Home Health & Hospice Week

Fraud & Abuse:

OIG Shines Fraud Spotlight On HHAs In Report To Congress

Jail time and fines for kickbacks, cost report fraud featured in semiannual roundup. You'd better make sure you're toeing the compliance line - the HHS Office of Inspector General has got its eye on the home care industry, its latest semiannual report to Congress shows.

A group of Southern Florida HHAs made the OIG's compliance hit list in its roundup of enforcement activities for the six months ending in March 2005. Home Health Care Inc., Home Health Services of South Florida Inc. doing business as USA Home Health Inc., Medcare Home Health Service Inc., South Eastern Health Management Associates Inc. and their owner agreed to pay nearly $828,000 and enter a five-year corporate integrity agreement to settle allegations of cost report fraud from 1995 to 1997, the OIG says in the semiannual report.

"The government alleged that the HHAs billed Medicare for medically unnecessary home health visits and consulting services purportedly performed by a former owner, when in fact the former owner did not perform the services," the watchdog agency notes.

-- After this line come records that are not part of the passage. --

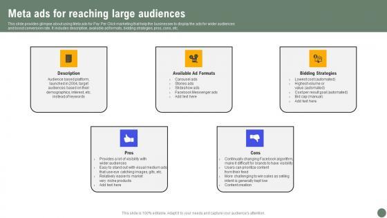 This slide provides glimpse about using Meta ads for Pay Per Click marketing that help the businesses to display the ads for wider audiences and boost conversion rate. It includes description, available ad formats, bidding strategies, pros, cons, etc. This Meta Ads For Reaching Large Exhaustive Guide Of Pay Per Click Advertising Initiatives Guidelines Pdf is perfect for any presentation, be it in front of clients or colleagues. It is a versatile and stylish solution for organizing your meetings. The Meta Ads For Reaching Large Exhaustive Guide Of Pay Per Click Advertising Initiatives Guidelines Pdf features a modern design for your presentation meetings. The adjustable and customizable slides provide unlimited possibilities for acing up your presentation. Slidegeeks has done all the homework before launching the product for you. So, do not wait, grab the presentation templates today This slide provides glimpse about using Meta ads for Pay Per Click marketing that help the businesses to display the ads for wider audiences and boost conversion rate. It includes description, available ad formats, bidding strategies, pros, cons, etc.
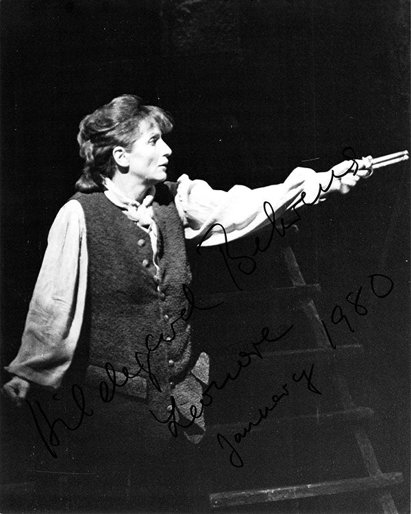 Signed photograph, shown in the title role of Beethoven's Fidelio, dated in 1980. Photo by James Heffernan, Metropolitan Opera, New York. Size is 8 x 10 inches, mounting traces on verso, otherwise in excellent condition.
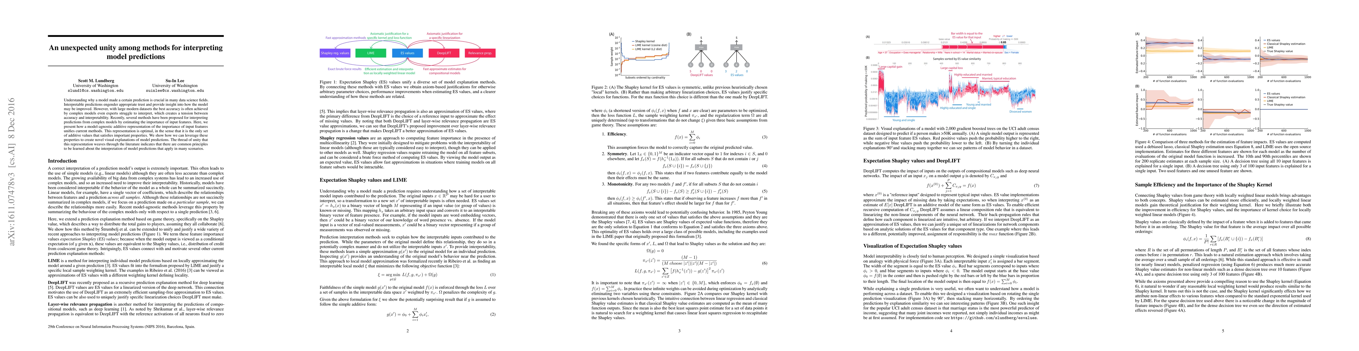 Understanding why a model made a certain prediction is crucial in many data science fields. Interpretable predictions engender appropriate trust and provide insight into how the model may be improved. However, with large modern datasets the best accuracy is often achieved by complex models even experts struggle to interpret, which creates a tension between accuracy and interpretability. Recently, several methods have been proposed for interpreting predictions from complex models by estimating the importance of input features. Here, we present how a model-agnostic additive representation of the importance of input features unifies current methods. This representation is optimal, in the sense that it is the only set of additive values that satisfies important properties. We show how we can leverage these properties to create novel visual explanations of model predictions. The thread of unity that this representation weaves through the literature indicates that there are common principles to be learned about the interpretation of model predictions that apply in many scenarios.

Also in the hot seat: A Florida franchise of Tender Loving Care Health Care Services Inc. accused of marketing kickbacks (see Eli's HCW, Vol. XIV, No. 12); four Texas residents accused of Medicare HHA fraud who were ordered to pay $2.9 million and serve up to 102 months of prison time; and a Wisconsin HHA administrator/director of nursing accused of Medicaid fraud related to false time sheets who agreed to a $40,000 civil settlement and a 10-year exclusion from federal health care programs.

The OIG also repeated its recommendation that the Centers for Medicare & Medicaid Services require physicians to examine a patient before ordering home care services for her. The OIG listed no enforcement action examples for hospices. 

Editor's Note: The report is online at www.oig.hhs.gov/publications/docs/semiannual/2005/OIG_semiannual1-2005.pdf.